De Man voit aussi l’homogénéisation frapper les esprits grâce aux médias de masse et à l’adoration du sport ou du people. Il parle de sa vision de pavillons de banlieue et leur audition, à ces habitants qu’il croyait bien logés, d’une seule émission :

 

Tous les habitants de ces maisons particulières écoutaient en même temps la même retransmission. Je fus pris de cette angoisse … Aujourd’hui ce sont les informations qui jouent ce rôle par la manière dont elles sont choisies et présentées, par la répétition constante des mêmes formules et surtout par la force suggestive concentrée dans les titres et les manchettes.

 

Le mot de suggestion est utilisé à la même époque par Julius Evola dans l’Homme au milieu des ruines. Le monde moderne et sa puissance suggestive… Sega c’est plus fort que toi.

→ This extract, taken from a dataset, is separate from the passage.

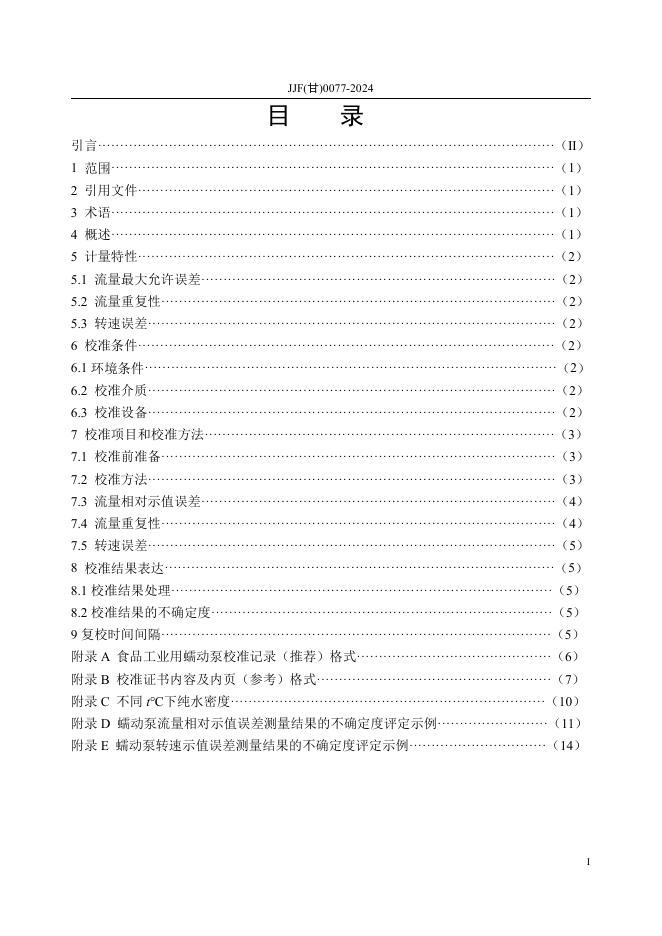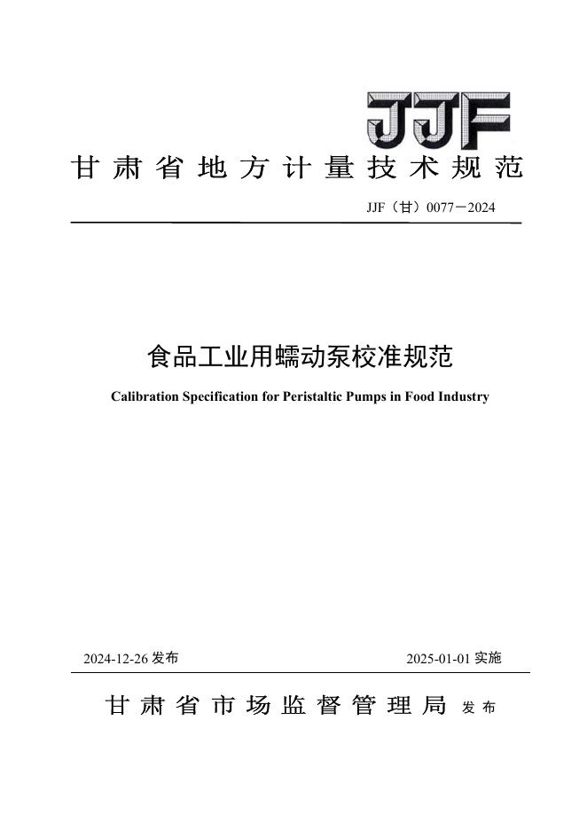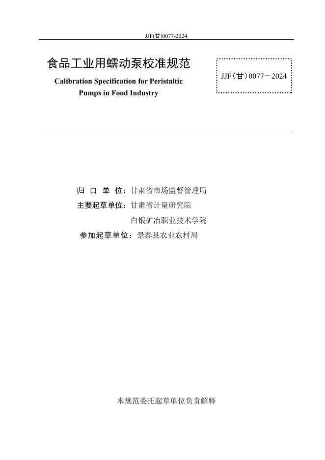 JJF(甘)0077-2024 食品工业用蠕动泵校准规范

De Man souligne l’entropie intellectuelle généralisée liée à la recherche bien sûr du plus petit dénominateur commun :

 

Les pauvres essaient comme par le passé d’imiter les riches ; mais, étant donné que les riches eux-mêmes deviennent sans cesse plus vulgaires, ce résultat final ne s’en ramène pas moins à un progrès généralisé de la vulgarité… Le défaut de contact personnel entre les entreprises industrielles et une masse de consommateurs anonymes accroît encore la tendance à viser plutôt trop bas que trop haut en cherchant à aller, par principe, aussi loin que possible dans le sens supposé du goût de la couche inférieure.

 

Un peu à la manière de Céline dans son Voyage, De Man plonge dans une vision vertigineuse de la nullité de la vie moderne :

 

L’expression sociologique de cette vérité est le sentiment de nullité qui s’empare de l’homme d’aujourd’hui lorsqu’il comprend quelle est sa solitude, son abandon, son impuissance en présence des forces anonymes qui poussent l’énorme machine sociale vers un but inconnu. Déracinés, déshumanisés, dispersés, les hommes de notre époque se trouvent, comme la terre dans l’univers copernicien, arrachés à leur axe et, de ce fait, privés de leur équilibre.

 

 

Henri de Man, l’ère des masses. Traduit par M. Delmas.